Not all slaves used the name of the last slave owner. A small child who was separated from his extended slave family might use the last owner’s surname after slavery, but if he was old enough to remember his origins, he might reclaim the surname of an earlier owner. Other freedmen took the surnames of slave owners who held their remote ancestors. The surname used by a family in the 1870 U.S. census may differ from the name used by the same family in the 1880 U.S. census. Comparing first names may identify the same family in a household a decade later.
Free Persons of Color: Local and State Records
The majority of African Americans who lived during the antebellum period were enslaved, but some of these ancestors became free persons of color (FPCs) who obtained their freedom during slavery. Records relating to an ancestor’s status as a FPC might be located at the local or state level, depending on how emancipation was effected. A former owner’s “deed of manumission” might have been recorded in county record books with real property deeds. Where a slave was freed by the terms of a testator’s will, such evidence would be included in a probate file. The legal requirements for emancipating slaves differed from state to state and in different eras. In South Carolina, for example, legislative action was required to free a slave after 1820 and so would have been noted in legislative papers.[1]
After emancipation, FPCs may have generated the same types of records as everyone else, such as tax lists and city directories.
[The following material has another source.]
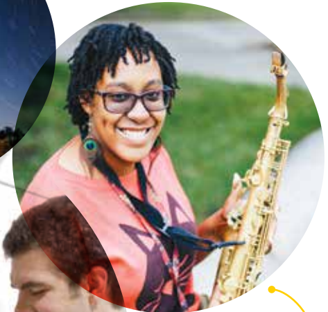
There's always some kind of event happening on campus — from concerts to art shows, sporting events, speakers and more.

In addition, certain states and counties maintained registers of free Negros, some of which are online.[2] A FPC should also appear in pre-1870 census records, as FPCs were enumerated in the U.S. census beginning in 1790.[3]
Federal Records
Many Federal records relating to formerly enslaved African Americans not only predate the 1870 census but also include more biographical information.
The War Department's General Order 143 established the U.S. Bureau of Colored Troops in 1863, pursuant to which African Americans were recruited without regard to their status as free men or former slaves. Compiled military service records, pension applications, and Civil War service payments also provide information about the lives of former slaves.[4] Widows’ pension records are being digitized slowly, and a small percentage can be accessed online.[5] Most are textual records, so the file must be ordered from or viewed at the NARA in Washington, D.C.
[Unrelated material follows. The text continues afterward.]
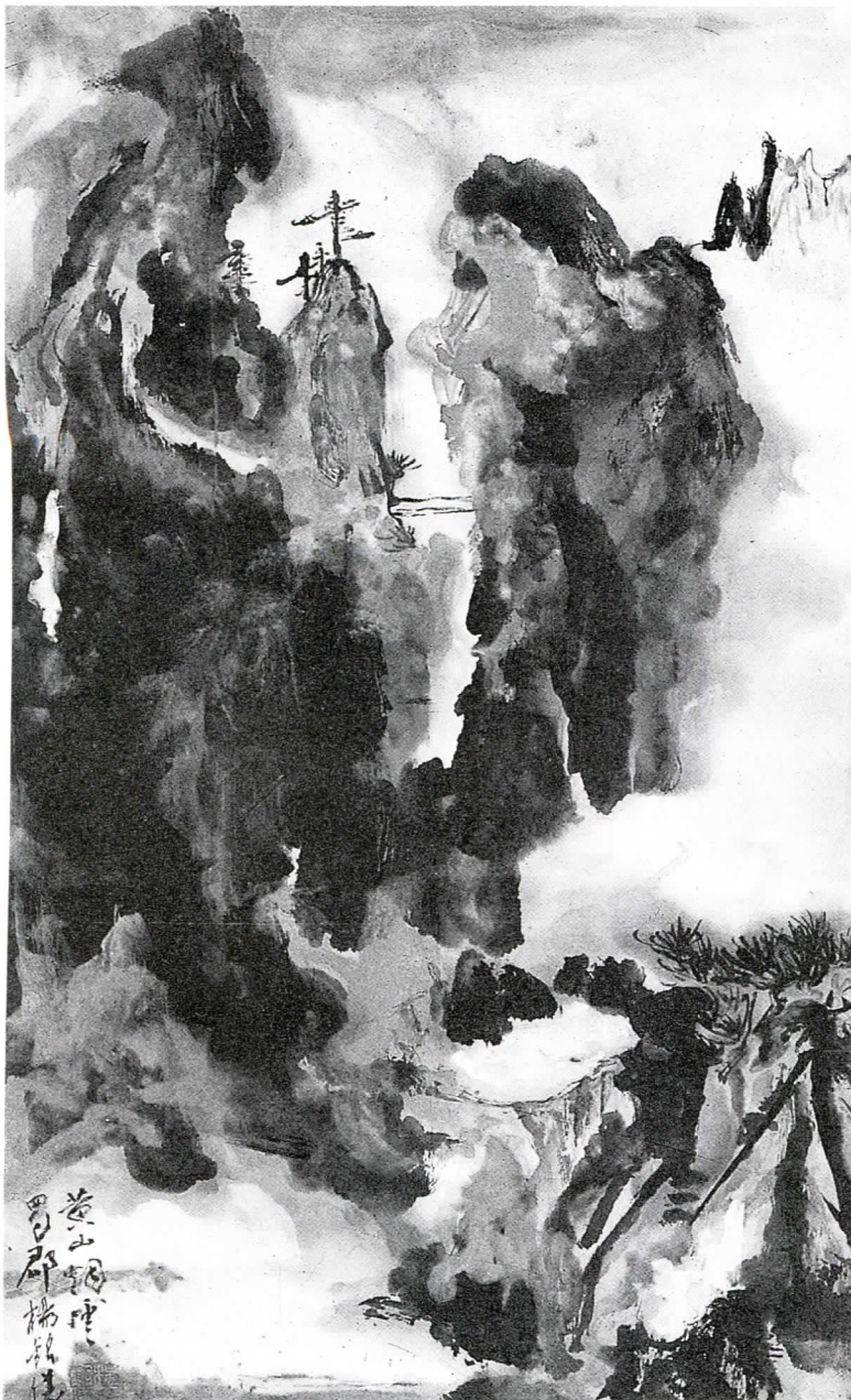
Huangshan Mountain Shrouded in a Veil of Mist.

The Field Office records of the Bureau of Refugees, Freedmen, and Abandoned Lands (“Freedmen’s Bureau”) cover the period 1865–1872 and contain extensive documentation of African American lives immediately after the Civil War era. This collection includes labor contracts—overseen by the Freedmen’s Bureau—between former owners and freedmen and women and other records containing names and personal information about former slaves. The original records, part of NARA Record Group (RG) 105, are not indexed, but an ongoing project is making them searchable online.[6] At present, eighteen of twenty-two record sets can be accessed online free of charge.[7]
The Freedman’s Bank, which operated from 1865–1874, was separate from the Freedmen’s Bureau and created records that are rich in biographical detail. The questions asked when accounts were opened include the names of former owners, parents, and siblings and the last known whereabouts of family members. Thirty-seven branch offices were opened in seventeen states and the District of Columbia. Records of twenty-nine branches of the Freedman's Bank are available through NARA and online.[8]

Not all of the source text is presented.